Intravenous immunoglobulin abrogates dendritic cell differentiation induced by interferon-α present in serum from patients with systemic lupus erythematosus

Objective. Alterations in the function of dendritic cells (DCs) may explain the systemic autoimmune responses that characterize systemic lupus erythematosus (SLE). Even though several reports have documented the beneficial effect of intravenous immunoglobulin (IVIG) in SLE, the underlying mechanisms of action remain poorly understood. Considering the effect of serum factors, including interferon-alpha (IFNalpha), on the activity of DCs, we investigated the effects of WIG on the differentiation of DCs mediated by serum from SLE patients. Methods. DCs were differentiated from peripheral blood monocytes obtained from SLE patients and from healthy blood donors, in the presence of SLE serum. IVIG was used at a concentration of 0.15 mM. A functional assay was performed to assess the inhibitory effect of IVIG on the uptake of nucleosomes by DCs. Results. IVIG interfered with the differentiation of DCs from SLE patients and healthy donors cultured in the presence of SLE serum.
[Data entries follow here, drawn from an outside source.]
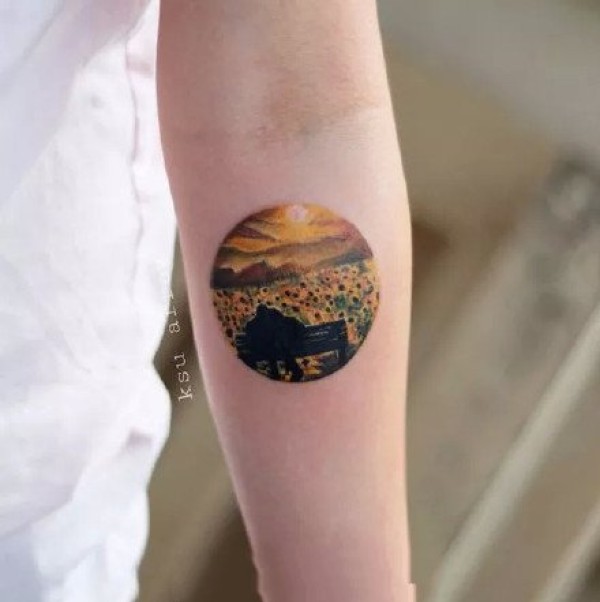 圆形风景纹身 小臂上的一组圆图形里的小风景纹身图案
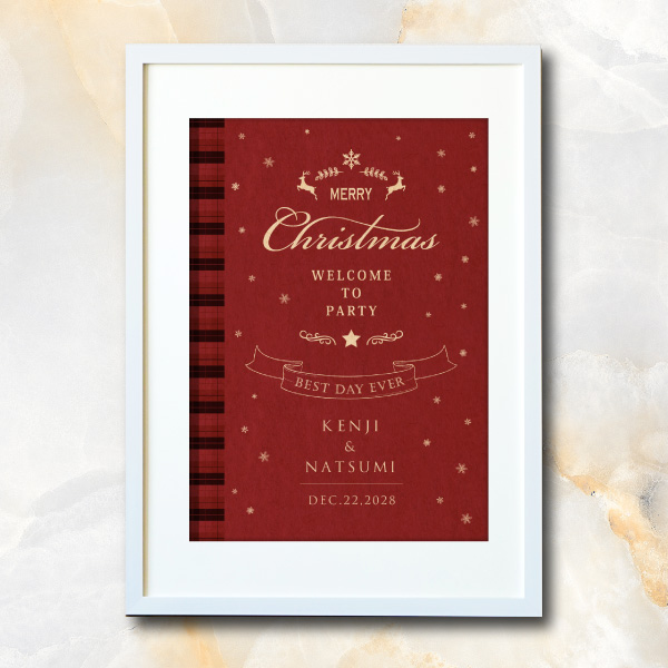 さりげないタータン・チェックがおしゃれで大人感をアップ。赤を基調とした温かみあるクリスマスウェディングを演出してくれます。「メリークリスマス」のメッセージと共にゲストを華やかにお出迎えしましょう。
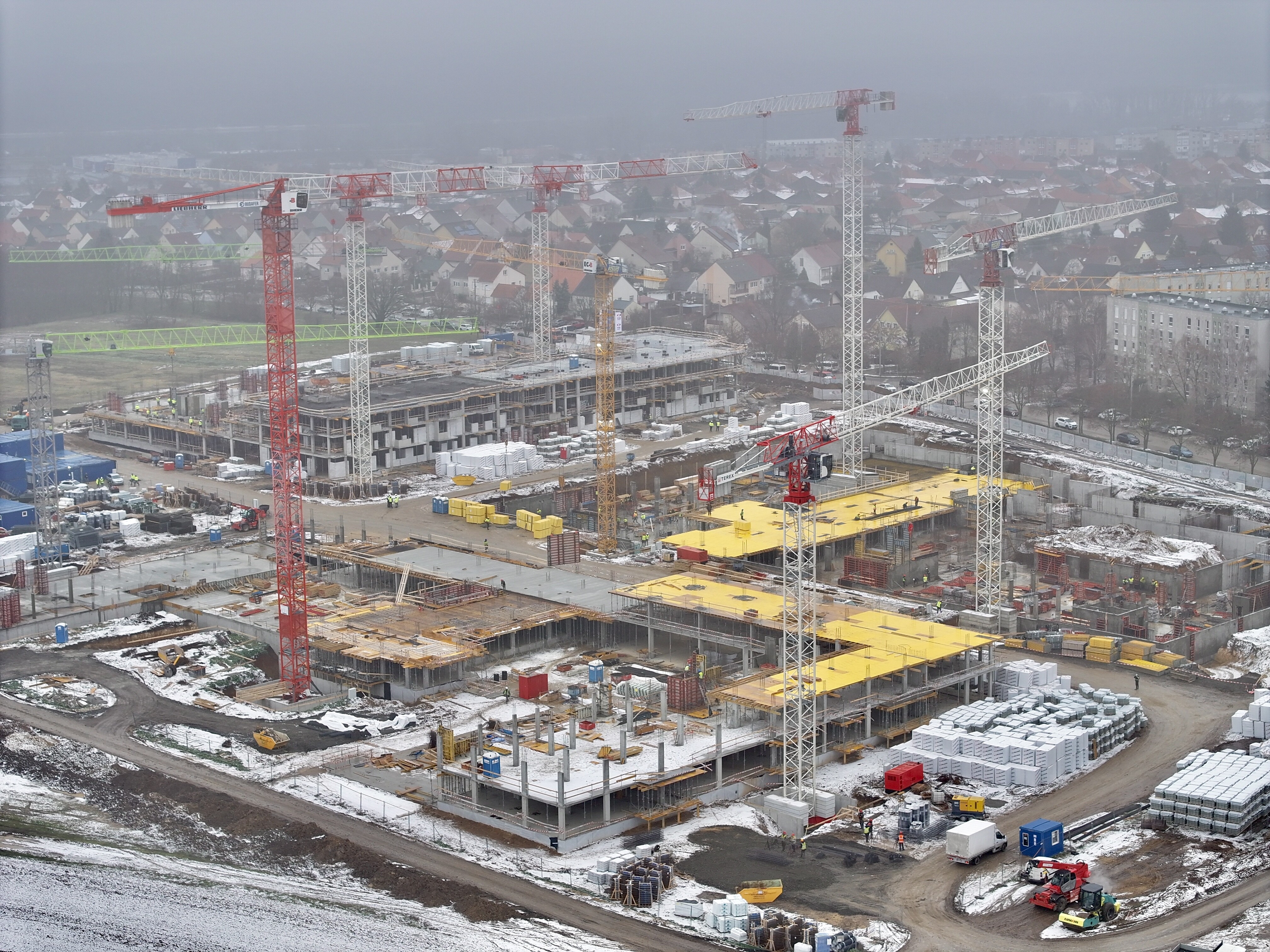 Jelenleg mindhárom épülettömb szerkezetépítése zajlik.

Treatment of DCs with IVIG inhibited the ingestion of nucleosomes by immature DCs, by up to 36%. Conclusion. The present findings indicate that IVIG, by down-regulating the IFNalpha-mediated differentiation of DCs and by inhibiting uptake of nucleosomes, may exert an essential immunoregulatory effect in SLE patients at the onset of the immune response, at the DC level. Given the critical role of HLA molecules and the costimulatory signals delivered by CD80 and CD86 in optimal antigen presentation and T cell activation, inhibition of expression of HLA and CD80/CD86 on DCs by IVIG offers a plausible explanation for the efficacy of IVIG in SLE and other immune-mediated inflammatory conditions.